The alteration in the flow structure in the aortic root also influences haemolysis and platelet activation by changing both the blood element paths and the shear-rate values. As a matter of fact, when focusing on haemolysis, the decrease in the wall shear stress magnitude due to the increased vessel diameter (panel A2 in Fig. 6 and Fig. 7) prevails on the longer time the blood cells remain in the proximal aorta (Fig. 8), thus both dilated aortas, A1 and A2, yield a lower BDIe compared to the reference case, A0, (Fig. 9).
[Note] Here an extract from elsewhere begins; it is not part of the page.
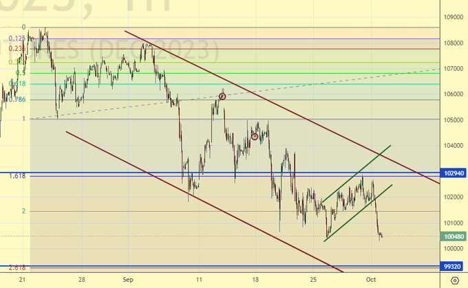 Продажа: нет. Кто в позиции от 105500, держите стоп на 103300. Цель: 93600.

The opposite happens when considering the platelet activation: in that case, the dilation of the aorta further increases the phenomenon of platelet activation, which is yet significantly promoted by the presence of the mechanical valve (Fig. 11).

5 Conclusions

We analysed in vitro the combined effect of the presence of a bileaflet mechanical aortic valve and the dilation of the aortic root in patient specific laboratory models. Present results suggest that a feedback process can be triggered because the aortic dilation tends to decrease the shear stresses at the vessel wall and favour blood stasis: two factors which are known to promote vessel remodelling (Bürk et al. 2012). On the other hand, the analysis of the blood damage index suggests that the aortic dilation is more significant for platelet activation compared to haemolysis.